▶ [Assignment]
Using the material below, repeat exactly the lines from the one with "في البساتين مستحبًا." through the one with "HABAND WOMENS GOLDTONE", ends included, without any images.

▶ [Data extract]
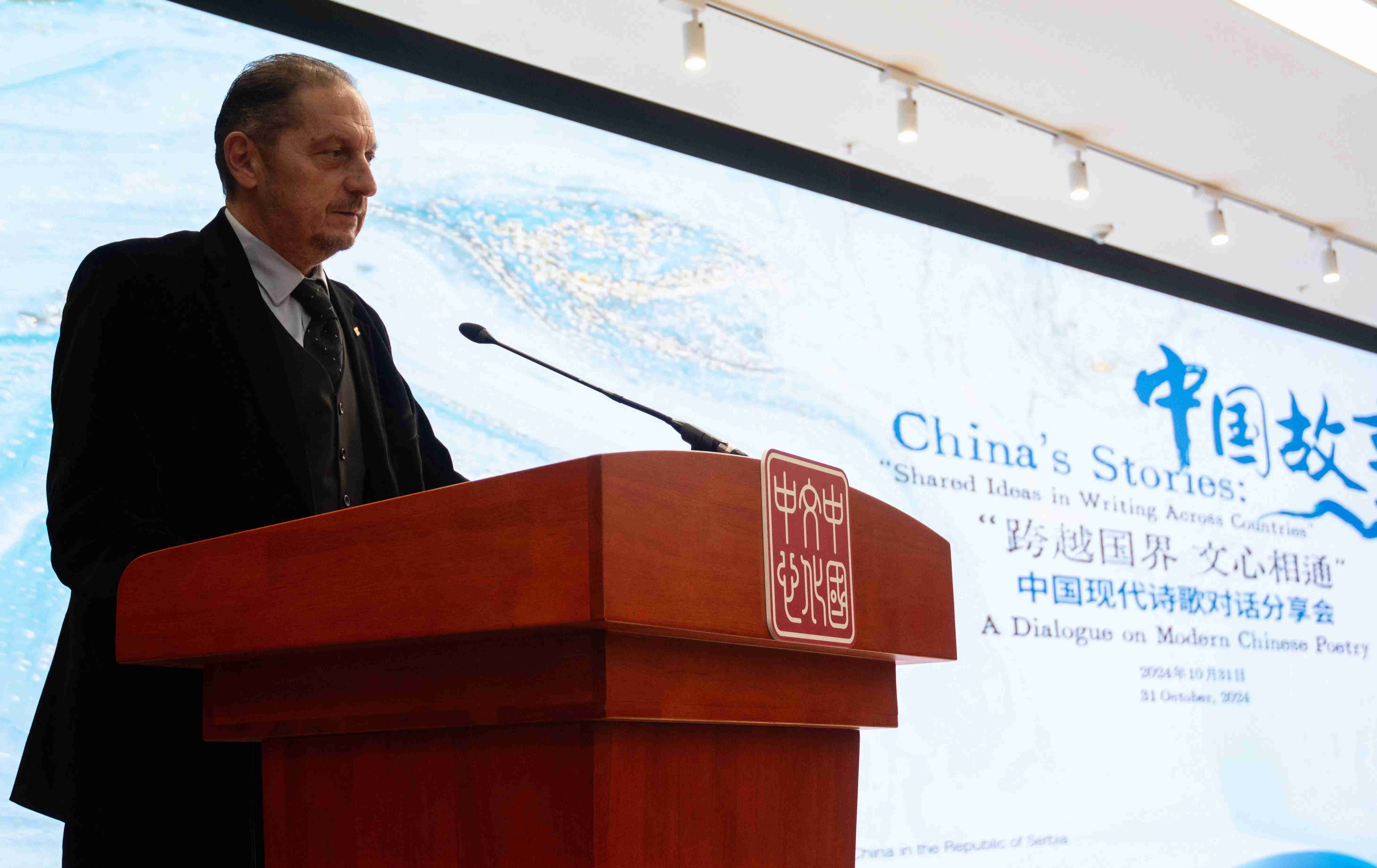 10月31日,由中國作家協(xié)會、中國駐塞爾維亞使館指導(dǎo),塞爾維亞中國文學(xué)讀者俱樂部、貝爾格萊德中國文化中心、中國圖書進出口(集團)有限公司承辦的“跨越國界·文心相通”中國現(xiàn)代詩歌對話分享會在貝爾格萊德中國文化中心成功舉辦。由中國作協(xié)副主席、書記處書記邱華棟,作家雷平陽、沈葦、李宏偉和戴濰娜組成的中國作家代表團與塞爾維亞讀者代表等150余人深入交流,暢談文學(xué),共敘友誼。
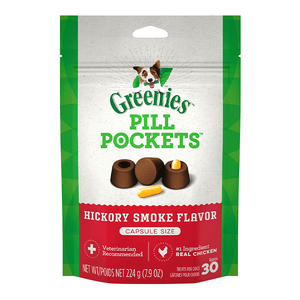 • Contains one (1) 7.9 oz. 30-count pack of GREENIES PILL POCKETS Capsule Size Dog Treats Hickory Smoke Flavor; MADE WITH NATURAL INGREDIENTS plus trace nutrients
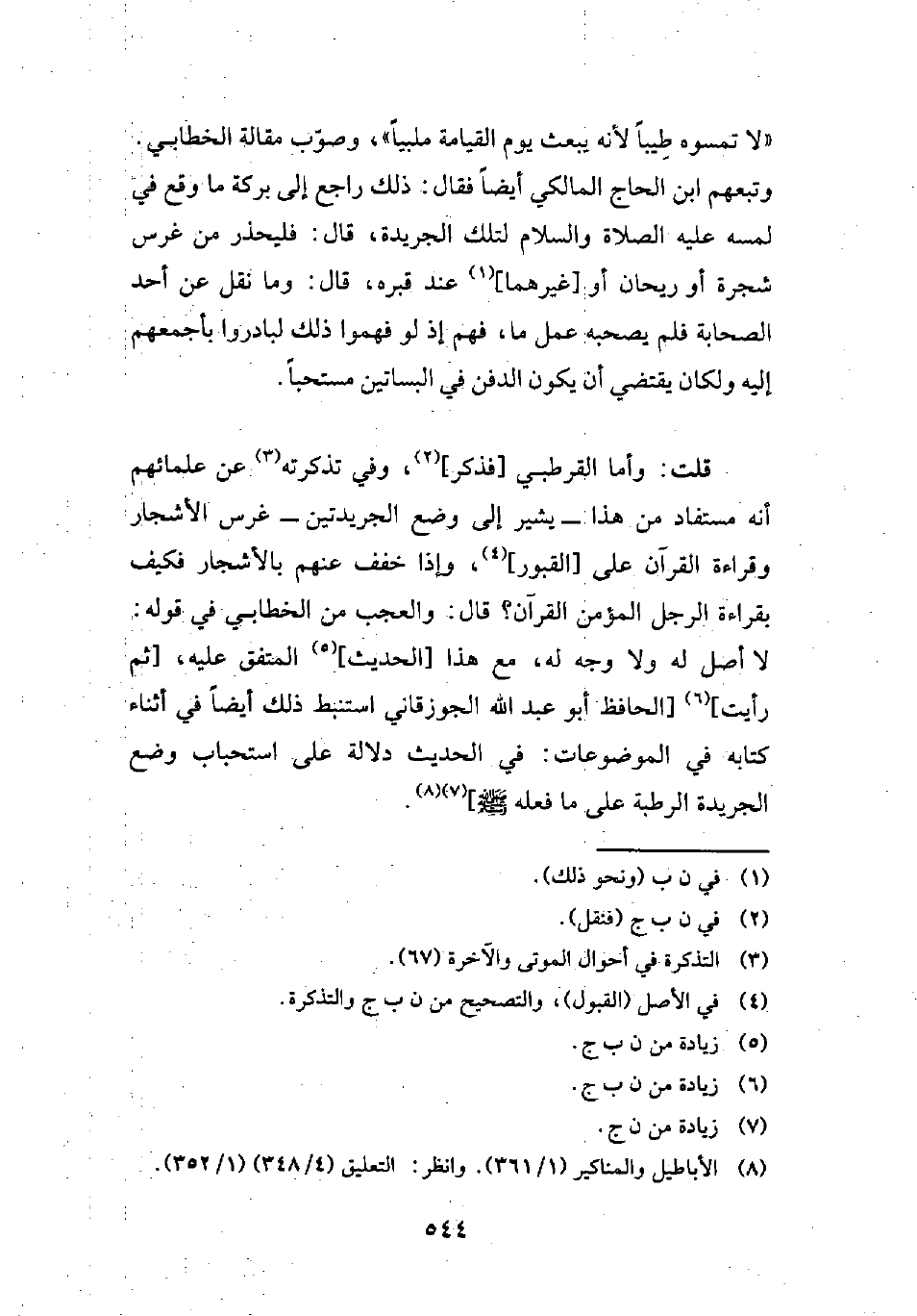 "لا تمسوه طِيبًا لأنه يبعث يوم القيامة ملبيًا"، وصوّب مقالة الخطابي. وتبعهم ابن الحاج المالكي أيضًا فقال: ذلك راجع إلى بركة ما وقع في لمسه عليه الصلاة والسلام لتلك الجريدة، قال: فليحذر من غرس شجرة أو ريحان أو [غيرهما] (¬1) عند قبره، قال: وما نقل عن أحد الصحابة فلم يصحبه عمل ما، فهم إذ لو فهموا ذلك لبادروا بأجمعهم إليه ولكان يقتضي أن يكون الدفن في البساتين مستحبًا.
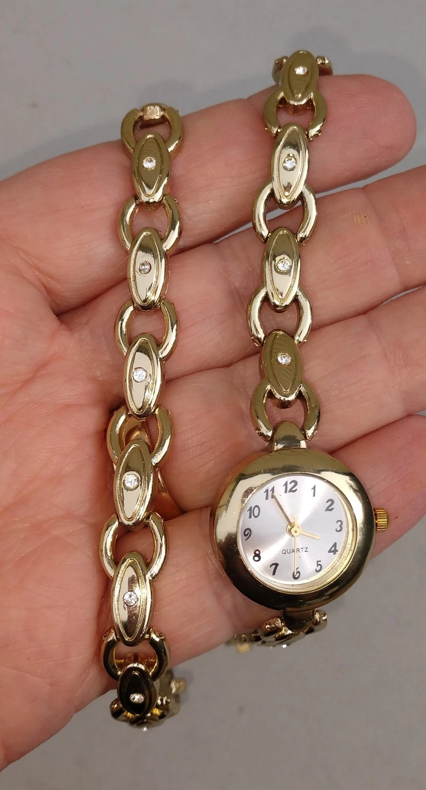 HABAND WOMENS GOLDTONE Chain LInk Crystal Accented Watch & Bracelet 2 PC SET
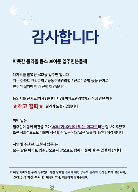 쓰니님께서 발벗고 나서주신덕에 모두들 힘을 모아 이겨냈습니다:-) 아저씨의 얼굴이 어두웠었는데 밝아지셔서 너무 좋네요 저도 관리사무소측입장문보고 너무나 어이가없어서 화가났지만 그래도 좋은결과가 있으니.. 앞으로 더 나아가서 해쳐나가야할것들이 많이 있을테니 저도 힘을 보탤수있다면 보태겠습니다 해당아파트 주민분들 그리고 전국각지역에 계신분들 힘을 합쳐주셔서감사합니다

▶ [Output for this task]
 "لا تمسوه طِيبًا لأنه يبعث يوم القيامة ملبيًا"، وصوّب مقالة الخطابي. وتبعهم ابن الحاج المالكي أيضًا فقال: ذلك راجع إلى بركة ما وقع في لمسه عليه الصلاة والسلام لتلك الجريدة، قال: فليحذر من غرس شجرة أو ريحان أو [غيرهما] (¬1) عند قبره، قال: وما نقل عن أحد الصحابة فلم يصحبه عمل ما، فهم إذ لو فهموا ذلك لبادروا بأجمعهم إليه ولكان يقتضي أن يكون الدفن في البساتين مستحبًا.
 HABAND WOMENS GOLDTONE Chain LInk Crystal Accented Watch & Bracelet 2 PC SET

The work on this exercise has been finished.